The bad: We wish Carlos had eased off the heavy production on a few tunes.
The bottom line: Santana's Supernatural CD sounds supercharged on DVD-A.
Favorite tracks: "Do You Like the Way" features Lauryn Hill and Cee-Lo, and their collective groove is irresistible. And we can't get enough of "Primavera" because it reminds us of Santana's original '60s band. Supernatural was Santana's megaselling CD, but it sounds so much better on DVD-Audio. Too bad the CD's dynamic range was squashed flat in postproduction and mastering, but it's restored on this DVD-A. The percussion and Santana's guitar now sound incredibly alive and present.Dr. Chesky, Dr. Chesky's Magnificent, Fabulous, Absurd & Insane 5.1 Surround Show (Chesky Records)
The good: Thirty-eight tracks of music and sound effects; DVD-Audio 5.1 mix; Dolby 5.1 mix will play on standard DVD players; separate stereo mix; also available on multichannel/stereo hybrid SACD.
The bad: No video; ho-hum menus.
The bottom line: Dr. Chesky's überaudiophile sounds will test the fortitude of any system.
Favorite tracks: "Fire Drums" puts you inside a ring of massive drums. If you don't have big speakers all around or your system's bass management isn't up to snuff, this disc will let you know in a hurry. Pop on "Music for Cello, Helicopter, and Cars," and you'll find yourself on a busy city street with cellos coming out of every speaker--and yes, a helicopter takes off at the end of the track. Most DVD-As are sourced from stereo recordings and remixed to 5.1 surround, but Dr Chesky's music was composed and arranged with 5.1 in mind. When you hear it, you'll know what a difference that makes.T. Rex, Electric Warrior (Reprise/Rhino)
The good: Easily the finest album from '70s glam-rock pioneers T. Rex; DVD-Audio 5.1 mix and advanced-resolution stereo mix; Dolby 5.1 mix will play on standard DVD players; one video.
The bad: No bonus tracks.
The bottom line: T. Rex's chugging beats and sexuality went on to impact punk and new wave.
Favorite tracks: You can't miss with the countdown to ecstasy "Bang a Gong," which features a very up-front bass and drum sound topped off with leader Marc Bolan's hot 'n' breathy vocals. Despite the implication of the title, Warrior is built on an intriguing electric and acoustic framework, with edgy string and brass underpinnings--now sounding much better than ever, thanks to the original producer Tony Visconti's carefully crafted 5.1 mix.Medeski Martin & Wood, Uninvisible (DTS Entertainment)

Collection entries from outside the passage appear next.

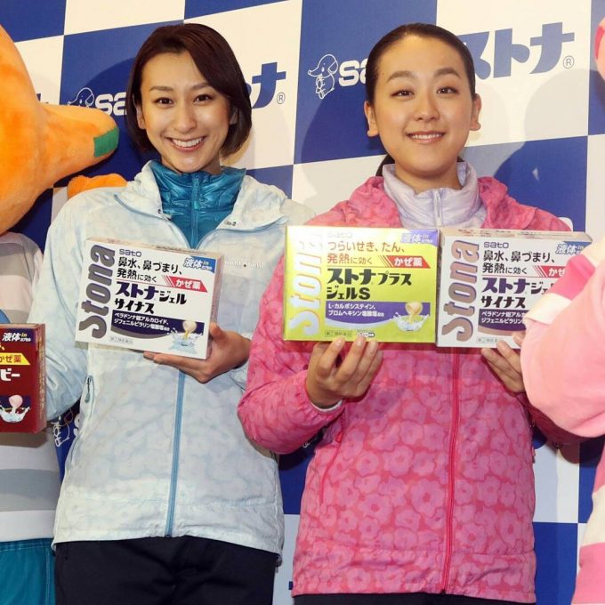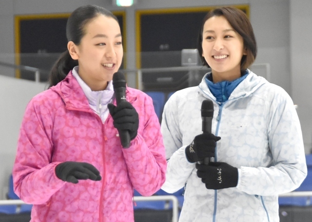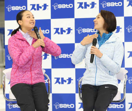 フィギュアスケート女子で世界選手権3度優勝、10年バンクーバー五輪銀メダルの浅田真央さん(27)とスポーツキャスターの姉・舞さん(29)が31日、新横浜スケートセンターで佐藤製薬のかぜ薬「ストナ」の新CM発表会に出席した。
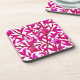 Dessous de verre dans une tapisserie de William Morris Art Nouveau motif d'oiseaux exotiques dans un grenadier, avec feuilles fuchsia rose et violet, oiseaux et fruits dans fuchsia, bleu violet et saphir, et un arrière - plan blanc
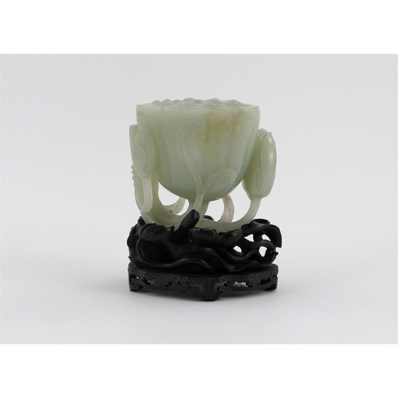 A Chinese pale celadon jade carving of a lotus pod, with an oval cover showing the seeds, the head supported by a central stem with leaves and two buds, all raised on an intricately carved wood stand inlaid in silver wire, 18th or 19th century, 7.5cm excluding the stand. (3)

The good: MM&W's jam/funk is trippier than ever; DVD-A 5.1 and stereo mixes; 6.1-channel DTS ES Discrete mix will play on standard DVD players; one video.
The bad: Chris Wood's electric and acoustic basses might blow out your center speaker's woofers!
The bottom line: The masters of low-down funky jazz will exorcise any evil spirits lurking in your speakers.
Favorite tracks: "Ten Dollar High" is a high point, but every track on this disc features an innovative 5.1 mix strategy: Billy Martin's drum kit spreads between the left front and rear speakers; Chris Wood's muscular bass does its business in the center speaker, and John Medeski's sprawling keyboards sit between the right front and rear speakers. If your speakers are first-rate, the trio's instruments will sound almost life-size. Warning: if you're using a small center speaker or your player's bass management isn't redirecting the center channel bass to the sub, this DVD-A may prove dangerous to your center speaker's health. Proceed with caution!Crosby-Nash, Another Stoney Evening (DTS Entertainment)
The good: A vivid concert recording; DVD-Audio 5.1 mix; stereo and DTS 96/24 5.1 mixes will play on standard DVD players; photo gallery.
The bad: Minimal extras.
The bottom line: David Crosby and Graham Nash serve up their very best hippie music.
Favorite tracks: The duo's masterful harmonies are on display in "Triad" and "Wooden Ships." Recorded on October 10, 1971, these tunes hearken back to hippiedom at its most psychedelic; you can practically smell the clouds of ganja hanging in the air. The surround mix and the freewheeling dynamics enhance the concert feel to the sounds.